TASK TO CARRY OUT =>
Wherever the line with "SW-8052/IC представляет собой" sits in the listing below, transcribe from it up to and including the line with "Beautiful photographic wall", exactly, and leave the remaining lines out.

INFORMATION SHOWN =>
··········

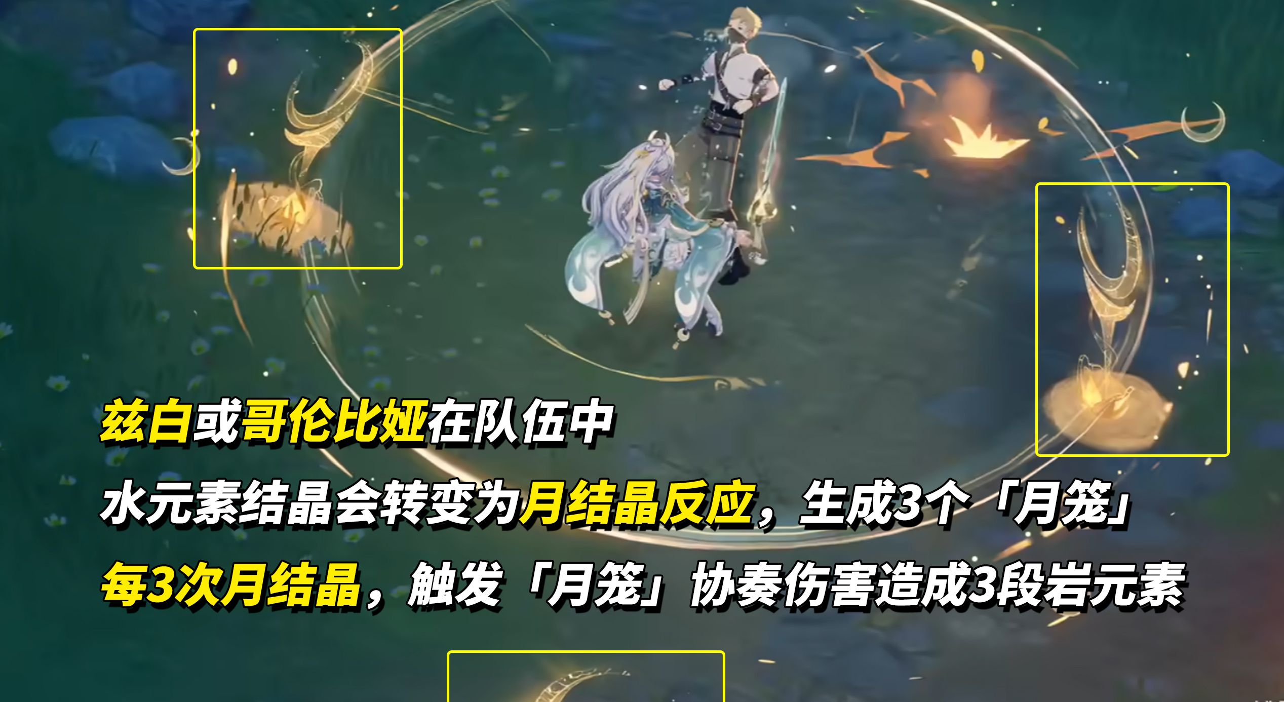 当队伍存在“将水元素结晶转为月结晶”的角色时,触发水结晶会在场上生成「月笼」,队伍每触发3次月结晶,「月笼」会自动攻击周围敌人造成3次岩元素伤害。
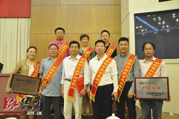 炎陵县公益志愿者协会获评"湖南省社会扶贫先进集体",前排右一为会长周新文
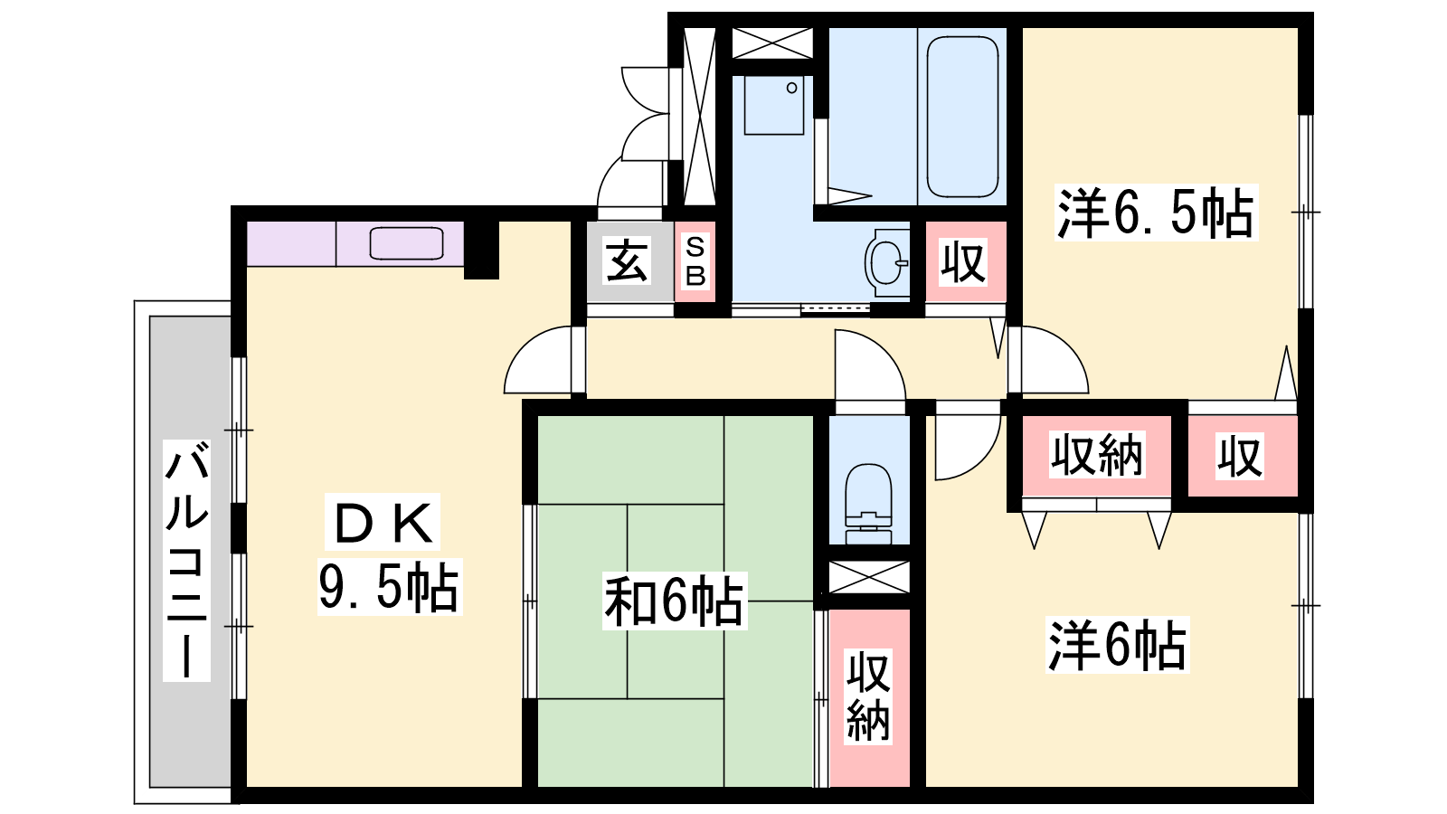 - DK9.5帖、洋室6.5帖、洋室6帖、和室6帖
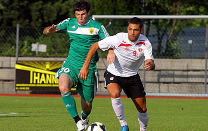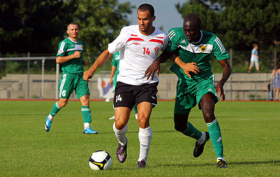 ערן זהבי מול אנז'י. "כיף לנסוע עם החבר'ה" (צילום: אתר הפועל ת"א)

··········

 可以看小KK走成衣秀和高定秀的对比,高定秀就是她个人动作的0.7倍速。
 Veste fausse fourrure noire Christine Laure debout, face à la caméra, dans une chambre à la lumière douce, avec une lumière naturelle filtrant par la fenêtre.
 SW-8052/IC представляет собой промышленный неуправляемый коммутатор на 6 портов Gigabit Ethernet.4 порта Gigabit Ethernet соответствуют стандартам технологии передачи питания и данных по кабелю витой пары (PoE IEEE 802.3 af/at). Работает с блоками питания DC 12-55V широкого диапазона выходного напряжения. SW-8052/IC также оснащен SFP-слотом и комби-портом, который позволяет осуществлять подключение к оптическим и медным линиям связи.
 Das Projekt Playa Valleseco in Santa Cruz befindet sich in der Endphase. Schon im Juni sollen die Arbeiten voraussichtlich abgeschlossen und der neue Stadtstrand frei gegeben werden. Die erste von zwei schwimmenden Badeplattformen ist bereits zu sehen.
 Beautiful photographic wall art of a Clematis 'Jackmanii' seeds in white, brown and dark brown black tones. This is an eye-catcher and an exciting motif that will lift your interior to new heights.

··········

YOUR SOLUTION =>
 SW-8052/IC представляет собой промышленный неуправляемый коммутатор на 6 портов Gigabit Ethernet.4 порта Gigabit Ethernet соответствуют стандартам технологии передачи питания и данных по кабелю витой пары (PoE IEEE 802.3 af/at). Работает с блоками питания DC 12-55V широкого диапазона выходного напряжения. SW-8052/IC также оснащен SFP-слотом и комби-портом, который позволяет осуществлять подключение к оптическим и медным линиям связи.
 Das Projekt Playa Valleseco in Santa Cruz befindet sich in der Endphase. Schon im Juni sollen die Arbeiten voraussichtlich abgeschlossen und der neue Stadtstrand frei gegeben werden. Die erste von zwei schwimmenden Badeplattformen ist bereits zu sehen.
 Beautiful photographic wall art of a Clematis 'Jackmanii' seeds in white, brown and dark brown black tones. This is an eye-catcher and an exciting motif that will lift your interior to new heights.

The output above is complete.